> The data:
○ ○ ○ ○ ○

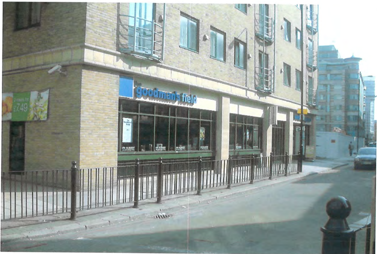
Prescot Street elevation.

○ ○ ○ ○ ○

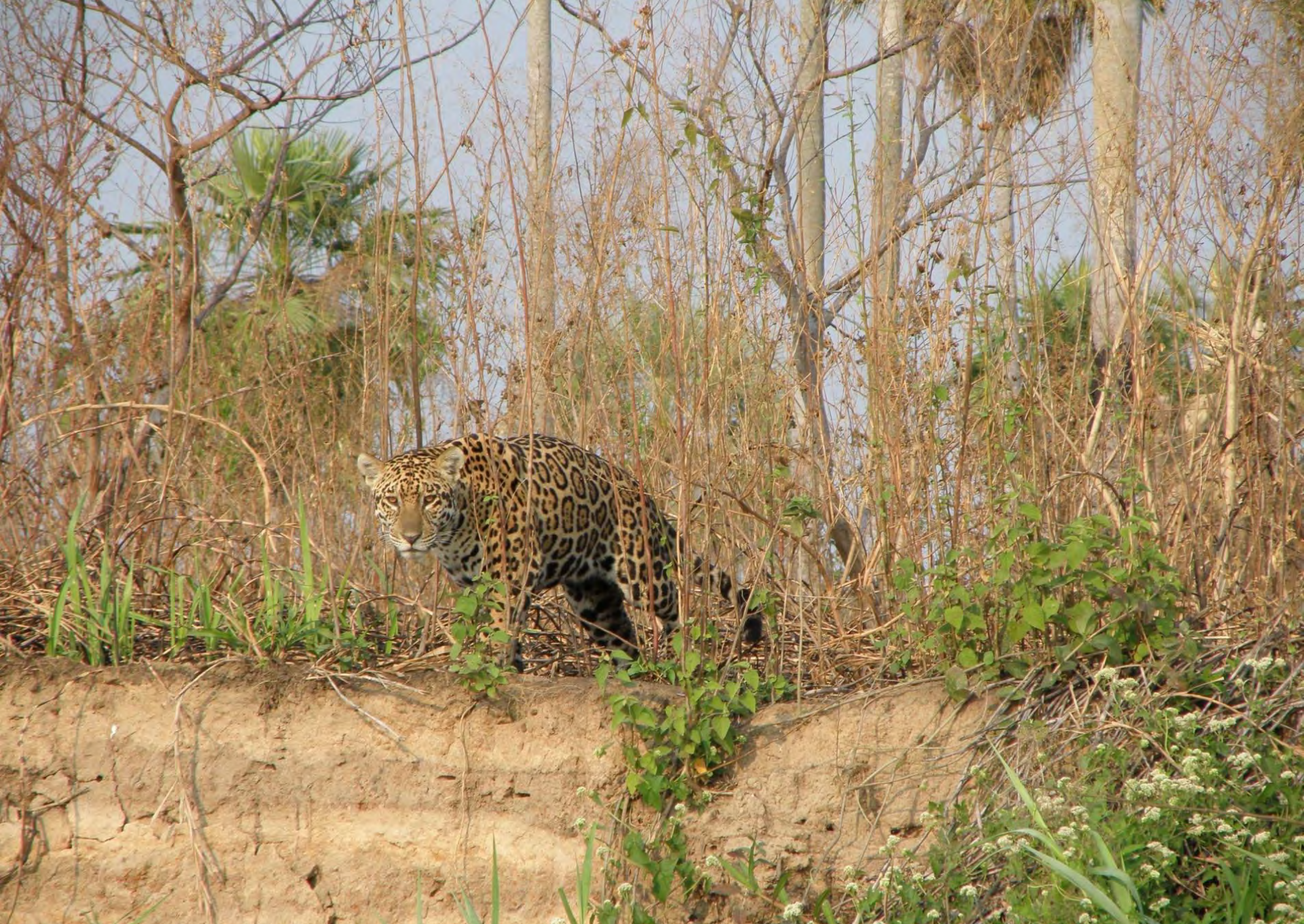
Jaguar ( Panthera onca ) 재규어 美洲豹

○ ○ ○ ○ ○

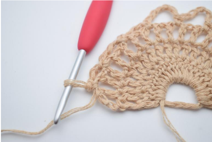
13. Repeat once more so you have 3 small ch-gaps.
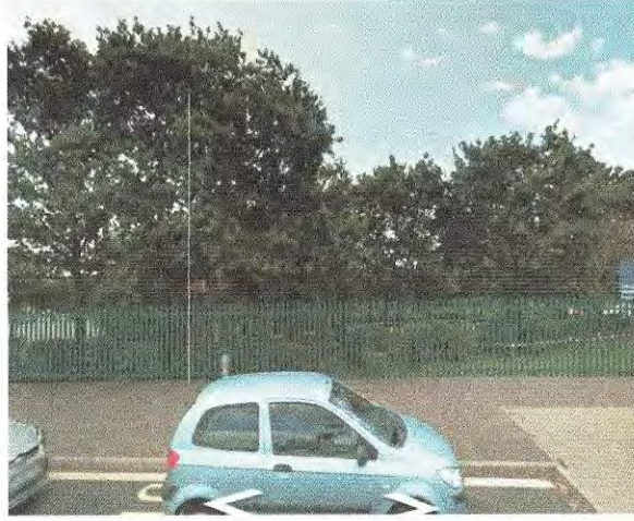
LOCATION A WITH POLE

○ ○ ○ ○ ○

> Activity: If a picture sits between the line containing "13. Repeat once" and the line containing "LOCATION A WITH POLE", leave it out, and return the lines of that range above exactly, both ends included.

> Written answer:
13. Repeat once more so you have 3 small ch-gaps.
LOCATION A WITH POLE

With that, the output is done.